The Gospel in Your Pocket
There was once a man who set off on a journey to find a million-dollar bill. He sailed the seven seas and traveled through distant lands. He rode camels, trains, planes, and Harley Davidsons—anything that would take him somewhere he suspected he might find the million-dollar bill. After many years of frantic but fruitless efforts, he was ready to give up. One day, he was reaching into the many pockets of his many-pocketed cargo pants looking for some change, when he discovered, to his surprise, a pocket on the inside lining he’d not noticed before. He reached in, and to his amazement, he found a note from his father, wishing him well on his journey, and saying he hoped he’d appreciate the gift he left him. Puzzled, the man reached deeper into the new pocket and pulled out a million-dollar bill.
In that modern parable, we may be able to see the gospel afresh—that something remarkable was given to us long ago.
We rightly look forward to “that day” when we will experience the new heaven and the new earth and God’s blessings will overflow. But the good news we relish is not merely about the future. This good news was already accomplished for us in the past, and it pours over into the present. This “past tense” gospel tells us what is already done, which in turn tells us what we already enjoy. While we look forward to that day when “the earth will be filled with the knowledge of the glory of the LORD” (Hab. 2:14), this good news is also part of the story: “The whole earth is full of his glory” (Isa. 6:3).
Let’s note just a couple of examples of the million-dollar bill that’s already in our pockets. For one, the grace we enjoy today was given to us before we were born. Before we were even in the womb, “God raised us up with Christ and seated us with him in the heavenly realms in Christ Jesus” (Eph. 2:6). When Jesus ascended to the Father, in some sense, we did as well. And when Christ was seated in the heavenly realms, we were seated with him. We indeed look forward to life in the new heaven and new earth. But there is some sense, according to Paul, in which we already have been raised into heaven through our union with Christ.

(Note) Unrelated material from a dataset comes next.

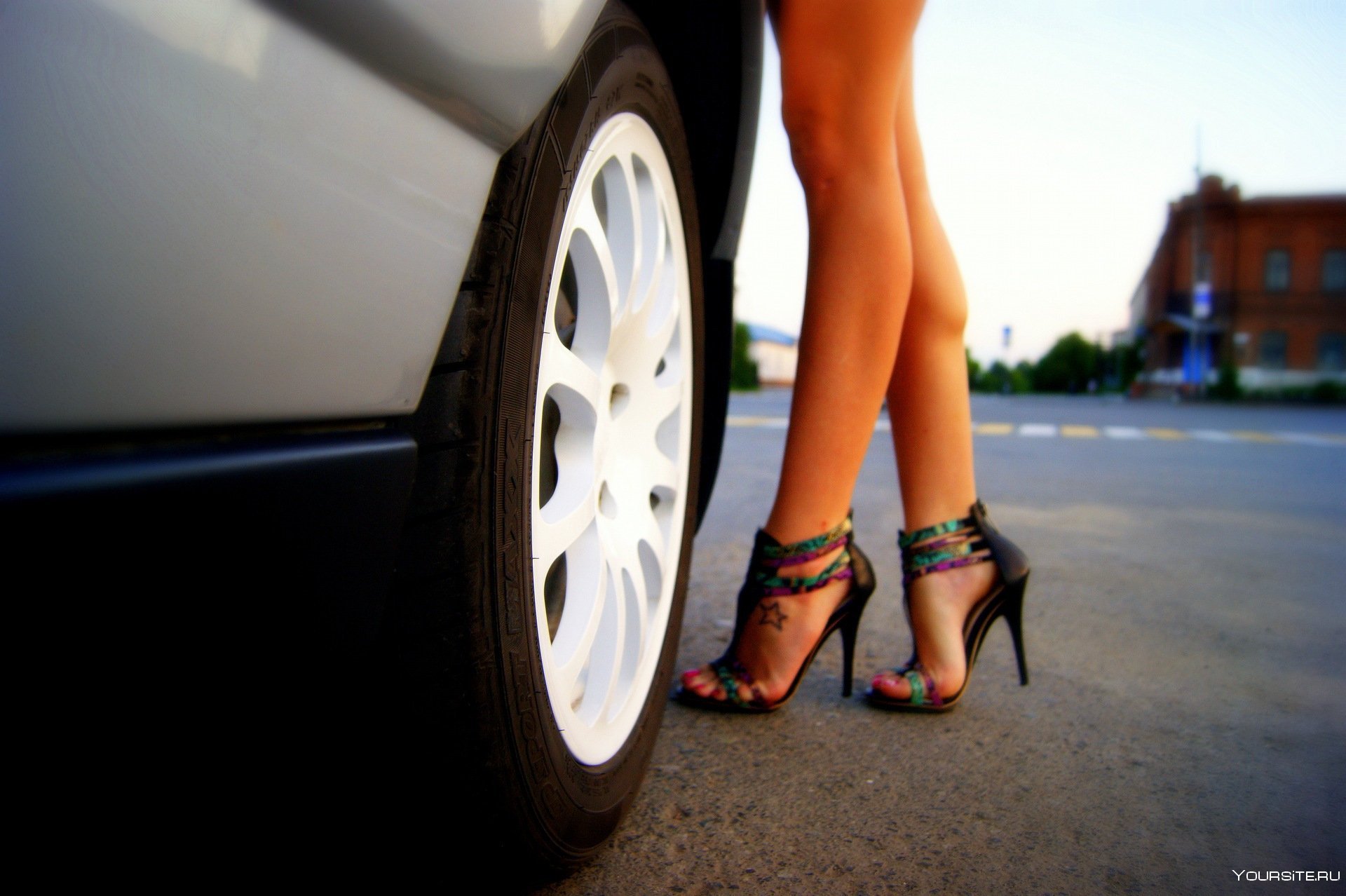 77. Женские ноги возле машины

Or take this word from Hebrews 10:14: “For by one sacrifice he has made perfect forever those who are being made holy.” Our perfection is already a reality through the “one offering” of Christ on the cross. This is not our own doing. It is something that comes from the grace of God. In the same way, the Lover tells the Bride in the Song of Solomon, “You are altogether beautiful, my darling; there is no flaw in you.” (Song of Sol. 4:7).

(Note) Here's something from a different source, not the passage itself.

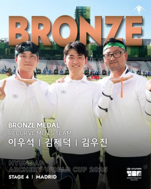 11일(현지시간) 스페인 마드리드에서 열린 2025 현대 양궁 월드컵 4차 대회 리커브 남자 단체전 동메달 결정전에서 이우석, 김제덕, 김우진으로 구성된 한국 대표팀은 일본을 상대로 침착한 경기 운영과 완벽한 호흡을 선보이며 동메달을 획득했다.

Process of sanctification long and grueling? Aren’t we warned about the cost of following Christ? Isn’t it assumed we are to grow in grace (see esp. 2 Pet. 3:18). Yes, but I believe we should think about all this from a fresh angle.
For example, is sanctification merely a process? 1 Corinthians 1:30 says something startling in this respect: sanctification is a person that has been given to us: “But by his doing you are in Christ Jesus, who became to us wisdom from God, and righteousness and sanctification, and redemption (nasb). Sanctification, wisdom, righteousness, and redemption are all embodied in the person of Jesus Christ. Since we have “put on Christ” and are united with him, since we are now in Christ (see Eph. 1), everything that is his is ours.
That is why Paul could confidently tell the Corinthians, “All things are yours, whether Paul or Apollos or Cephas or the world or life or death or the present or the future—all are yours, and you are of Christ, and Christ is of God” (1 Cor. 3:21b–23). Similarly, in the parable of the prodigal son, the Father tells the stubborn older son, “You are always with me, and everything I have is yours” (Luke 15:31). The gospel declares that God has given us every blessing through the death and resurrection of Christ.
Many more examples could be marshaled, but Paul says it best in Ephesians 1:3: “Praise be to the God and Father of our Lord Jesus Christ, who has blessed us in the heavenly realms with every spiritual blessing in Christ.” When Paul said, “I have been crucified with Christ and I no longer live, but Christ lives in me” (Gal. 2:20), he was not saying only part of Christ was in him. He tells us in Colossians 2:9–10, “For in Christ all the fullness of the Deity lives in bodily form, and in Christ you have been brought to fullness.” God has already brought us into the fullness of Christ through his grace. It is not something we have to attain. It is something to believe and rest in. If there is something left for us to do—and there clearly is—it’s not a matter of creating a new reality but of living into the reality that God has already given us.
We truly have already been gifted everything we’ll ever need through the grace of God in Christ. When people asked Jesus what works to do, he simply replied, “The work of God is this: to believe in the one he has sent” (John 6:29). There are plenty of good works to do, but these works cannot accomplish what Christ already accomplished for us. Good works are only an overflow of the joy we have because of the fullness of God we have been freely given.
So yes, we do experience spiritual growth in this life, but we are not growing to become something we are not. We are growing into who we already are: Millionaires in grace. In many respects, sanctification in this life is the process of realizing that we have a million-dollar bill in our pockets.
Dylan Demarsico is a writer based in Los Angeles, working on his master of divinity degree through Liberty University.